The panel has never specified when its report and recommendations would be ready, other than to say it will be finished sometime in 2009.
"When you listen to some people in the streets, they're disappointed in how long it's taking," said Frank Pokiak, chairman of the Inuvialuit Game Council in the territory's Mackenzie Delta region, where the pipeline route would begin.
The game council, along with the Mackenzie Valley Environmental Impact Review Board, is asking the panel to provide a specific date when its report will be delivered.
In a letter sent to panel chairman Robert Hornal last week, both groups said the public deserves "some sense of when the panel's final report will be completed."
They have given the panel until Dec. 12 to reply.
"We thought they were accountable to the partners, but as things progress, you know, it's sort of, 'When the job is done, then it'll be released'." Pokiak said Monday.
A consortium of companies, led by Imperial Oil, wants to build the 1,200-kilometre pipeline through the Northwest Territories to the Alberta border, where natural gas would connect to existing pipelines and flow to southern markets.
In 2004, the Inuvialuit Game Council and the Mackenzie Valley Environmental Impact Review Board agreed with the federal environment minister to create the joint review panel.
The panel is an independent body, mandated to examine "the potential impacts of the project on the environment and lives of the people in the project area," according to its website.

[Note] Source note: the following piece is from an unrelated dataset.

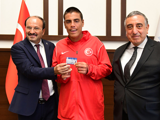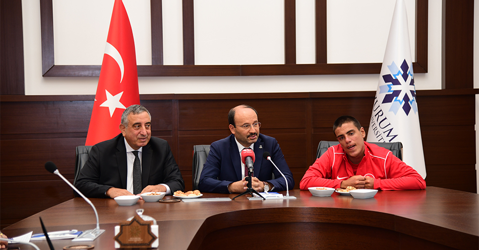 Rektör Çakmak’ın ardından konuşan Milli Sporcu Murat Bingül amacının özel sporcular kayak şampiyonalarında ülkemizi en iyi şekilde temsil etmek olduğunu ifade ederek: “Üniversite sınavını ve ETÜ Spor Bilimleri Fakültesi Yetenek Sınavını üst sıralarda tamamlayarak fakülteye girmeye hak kazandım. Sayın Rektörüme ve tüm hocalarımıza bana gösterdikleri yakın ilgiden dolayı çok teşekkür ediyorum. Ayrıca Erzurumlu olmaktan gurur duyuyorum. Benim lakabım Dadaş Murat. Tüm hemşerilerime de gönülden teşekkür ediyorum. Sayın Cumhurbaşkanımıza da biz engellilere gösterdiği sevgi ve tanıdığı yasal haklar nedeniyle ayrıca teşekkürlerimi sunuyorum. En büyük Türkiye” dedi.

"All we're asking for is where are they, and I'd like to know when the date that they're going to be finished this report," said Rick Edjericon, chairman of the impact review board.
"I'm hoping that … they'll give me some kind of answer by Dec. 12."
A spokesperson for the panel told CBC News that the letter by Pokiak and Edjericon will be considered later this week, when the panel's seven members next meet.